* INFORMATION SUPPLIED:
====================
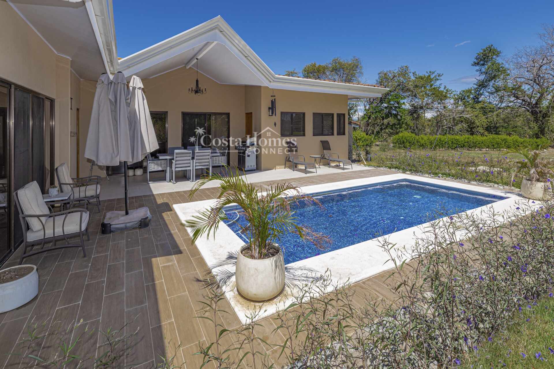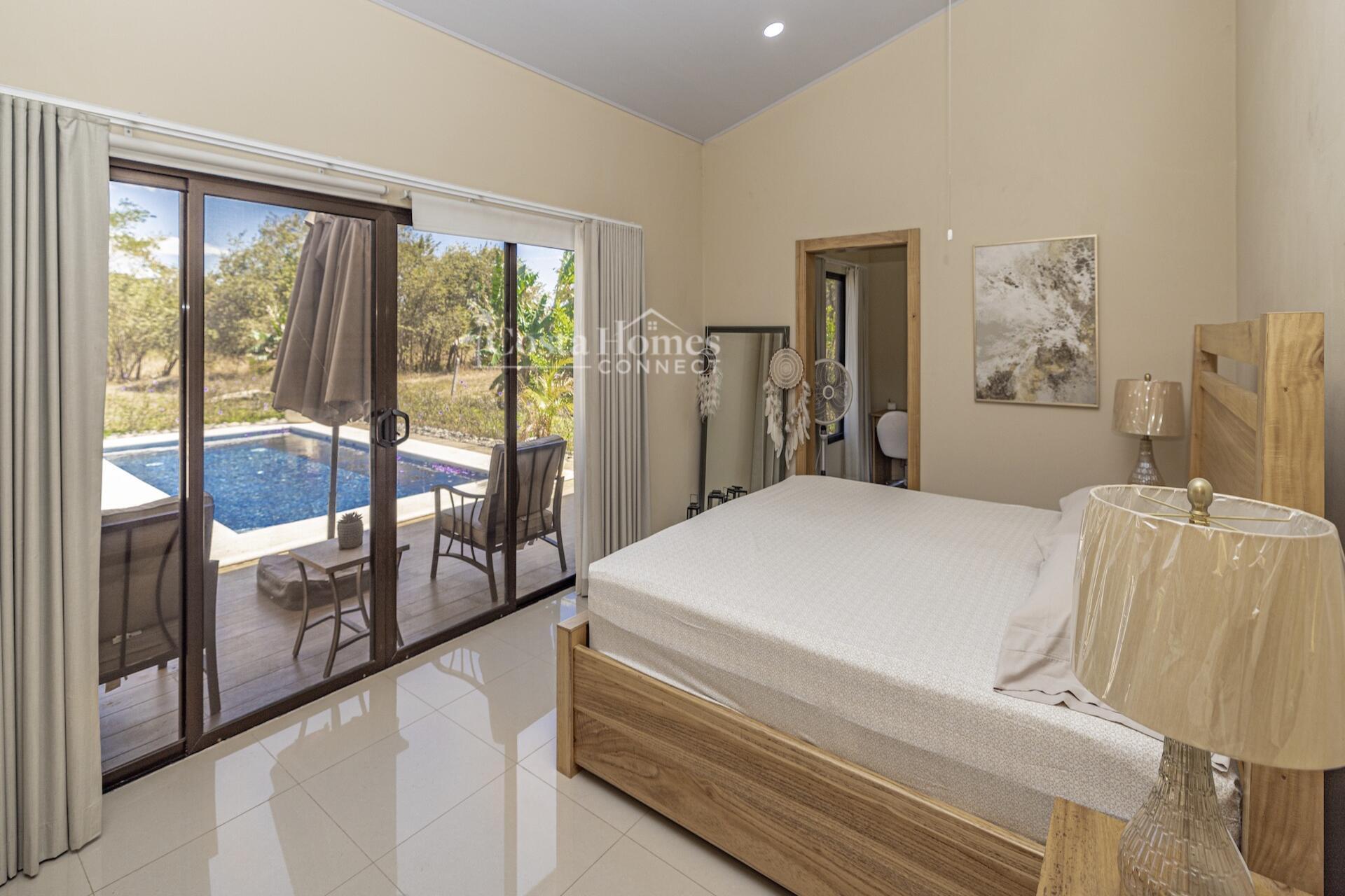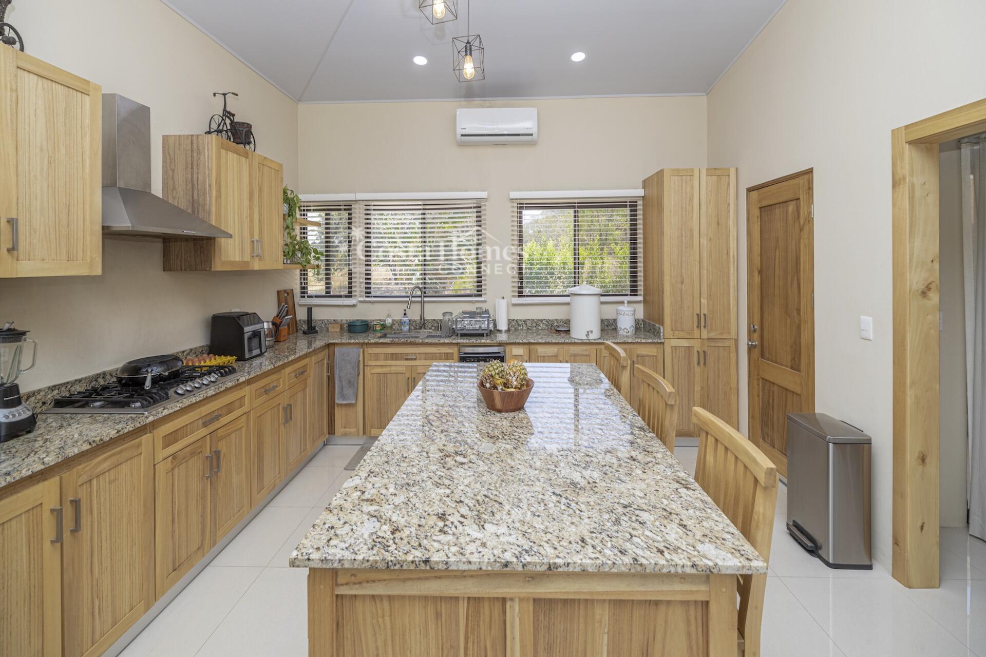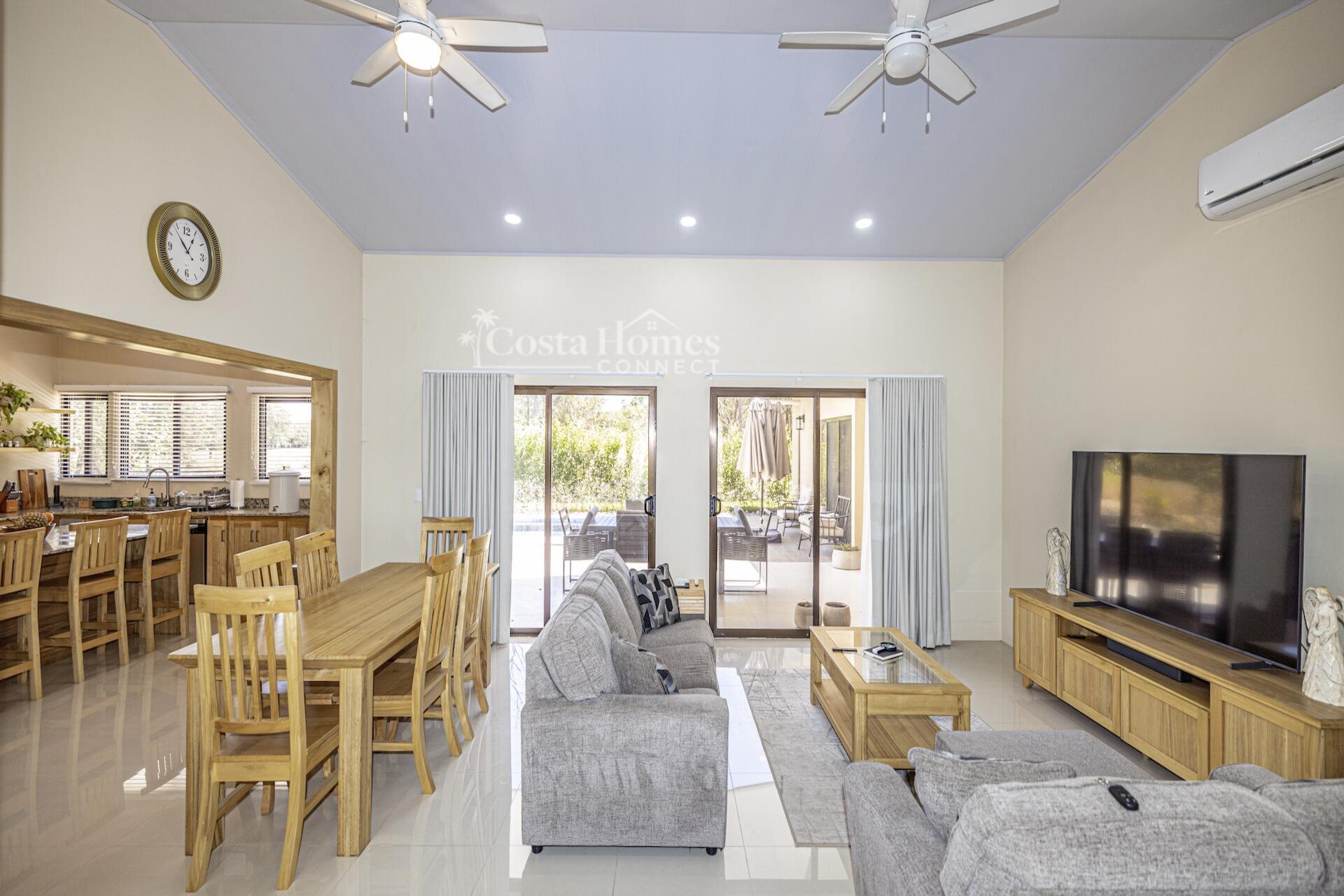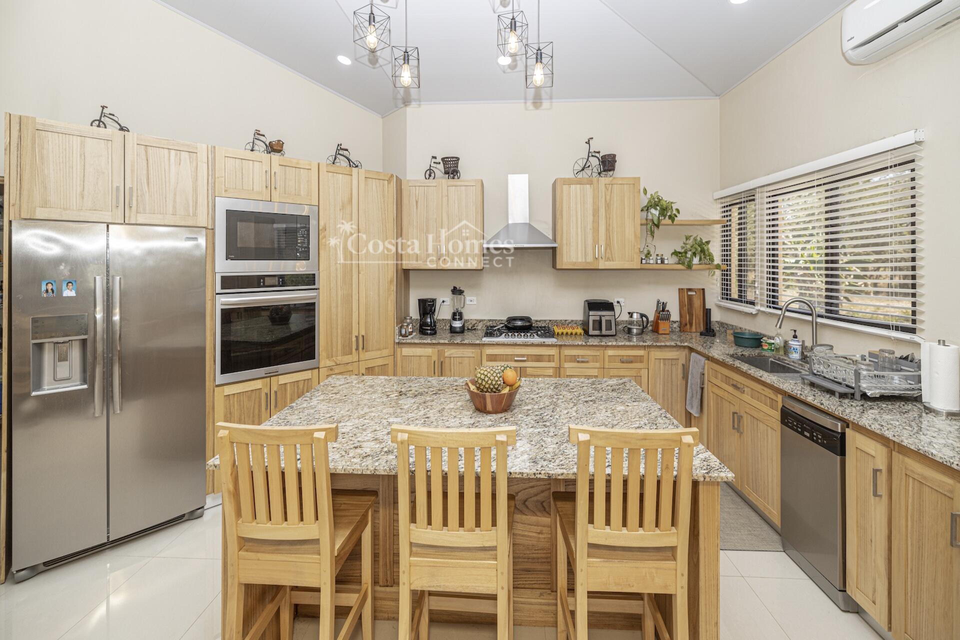 Set within the tranquil and private Vista Ridge community near Playas del Coco, this beautifully designed one-level estate home offers 3 bedrooms and 3.5 baths across 2,900 square feet including the attached garage and expansive covered terraces, all positioned on an estate-sized 6,309 square meter (1.5 acre) mostly flat lot with nature and mountain views and abundant irrigation from a private artesian well. The light and airy interior showcases light-colored custom wood cabinetry, a large chef’s kitchen with a huge center island and oversized pantry, and defined yet seamlessly connected dining and living spaces that flow effortlessly to the spacious covered terrace, oversized pool, and generous yard—perfect for indoor-outdoor living.
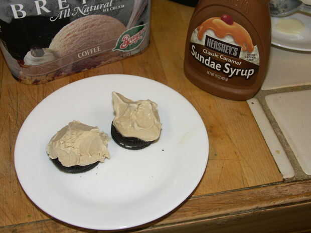 Tomar una cucharada de helado ligeramente ablandada, moldear como la arcilla en un trozo de tamaño apropiado para caber encima de una oreo. Mush en la parte superior de una oreo. Repita para tantos micro-mudpies como estás haciendo.
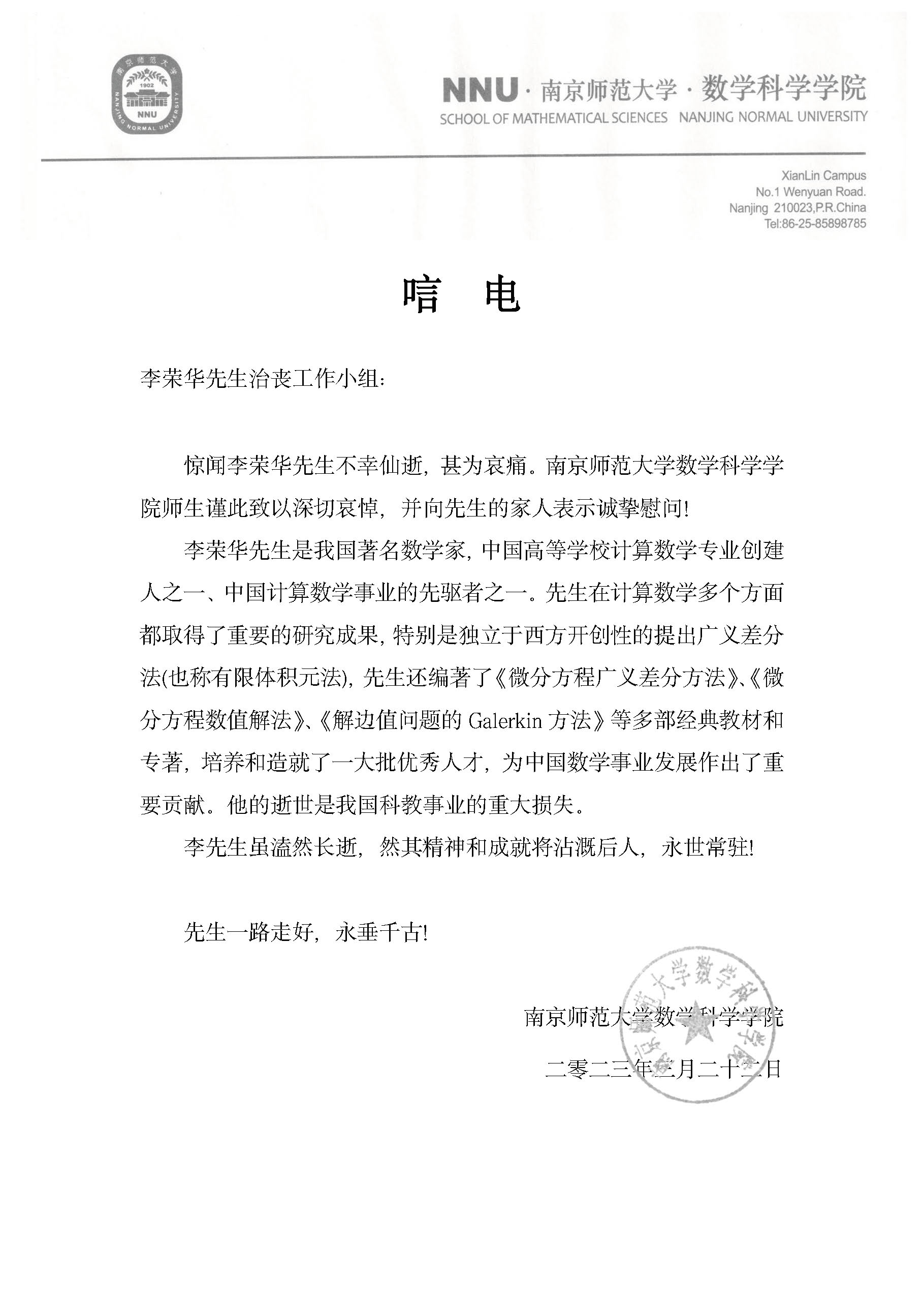 南京师范大学数学科学学院唁电
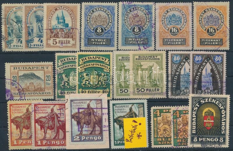 Leírás: 1927 21 db Budapest okmánybélyeg színváltozatokkal / with colour varieties
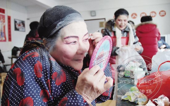 没有报酬,没有回报,甚至只能挤在狭小的后台吃饭,但参加演出的戏迷们没有一句怨言。74岁的边玲娥刚唱好《九斤姑娘》选段和独角戏《搓麻将》两个节目,就开始准备晚上的表演节目《观灯》。“和大家在一起表演非常高兴,能到上店村来表演就开心了。”边老太说,1998年的时候,在她的发动和鼓舞下,嵊州的越剧爱好者走上了广场,组建了戏迷角,如今她又在发动更多的越剧爱好者走进山区、走进农村,为更多的老百姓表演。
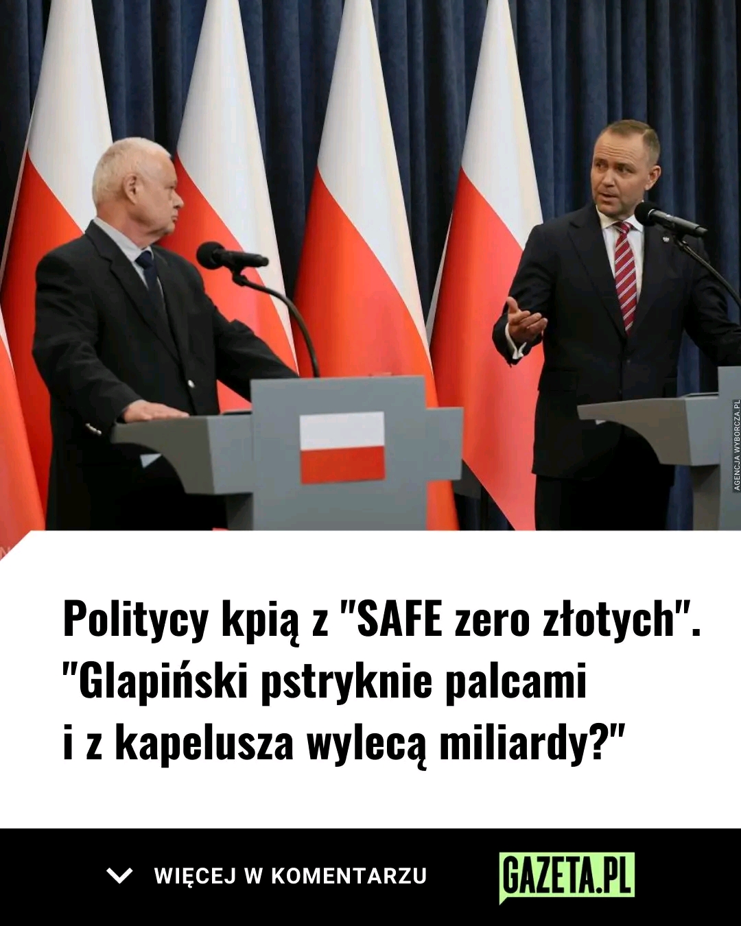 SAFE 0 procent” skomentował także minister finansów. “Żadnych pieniędzy w SAFE 0 nie ma. Zero złotych. Nie ma również żadnych gwarancji zysku z NBP. Jest za to pomysł zadłużenia BGK, powołania specjalnych Rad i Komitetów. Genialne. Prawdziwy SAFE na 44 miliardy euro wciąż czeka na podpis prezydenta” – napisał na portalu X Andrzej Domański.
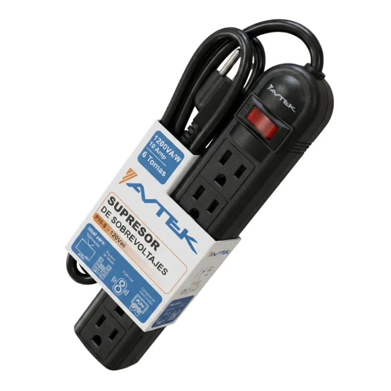 Regleta Supresora de Voltaje 6 tomas, 10Amp 120Vac P16-S, Avtek
====================
* EXERCISE PROMPT:
Whatever lies between the first line of the data and the line holding "X Andrzej Domański.", inclusive, should be repeated exactly, apart from the pictures.

* RESULT:
 Set within the tranquil and private Vista Ridge community near Playas del Coco, this beautifully designed one-level estate home offers 3 bedrooms and 3.5 baths across 2,900 square feet including the attached garage and expansive covered terraces, all positioned on an estate-sized 6,309 square meter (1.5 acre) mostly flat lot with nature and mountain views and abundant irrigation from a private artesian well. The light and airy interior showcases light-colored custom wood cabinetry, a large chef’s kitchen with a huge center island and oversized pantry, and defined yet seamlessly connected dining and living spaces that flow effortlessly to the spacious covered terrace, oversized pool, and generous yard—perfect for indoor-outdoor living.
 Tomar una cucharada de helado ligeramente ablandada, moldear como la arcilla en un trozo de tamaño apropiado para caber encima de una oreo. Mush en la parte superior de una oreo. Repita para tantos micro-mudpies como estás haciendo.
 南京师范大学数学科学学院唁电
 Leírás: 1927 21 db Budapest okmánybélyeg színváltozatokkal / with colour varieties
 没有报酬,没有回报,甚至只能挤在狭小的后台吃饭,但参加演出的戏迷们没有一句怨言。74岁的边玲娥刚唱好《九斤姑娘》选段和独角戏《搓麻将》两个节目,就开始准备晚上的表演节目《观灯》。“和大家在一起表演非常高兴,能到上店村来表演就开心了。”边老太说,1998年的时候,在她的发动和鼓舞下,嵊州的越剧爱好者走上了广场,组建了戏迷角,如今她又在发动更多的越剧爱好者走进山区、走进农村,为更多的老百姓表演。
 SAFE 0 procent” skomentował także minister finansów. “Żadnych pieniędzy w SAFE 0 nie ma. Zero złotych. Nie ma również żadnych gwarancji zysku z NBP. Jest za to pomysł zadłużenia BGK, powołania specjalnych Rad i Komitetów. Genialne. Prawdziwy SAFE na 44 miliardy euro wciąż czeka na podpis prezydenta” – napisał na portalu X Andrzej Domański.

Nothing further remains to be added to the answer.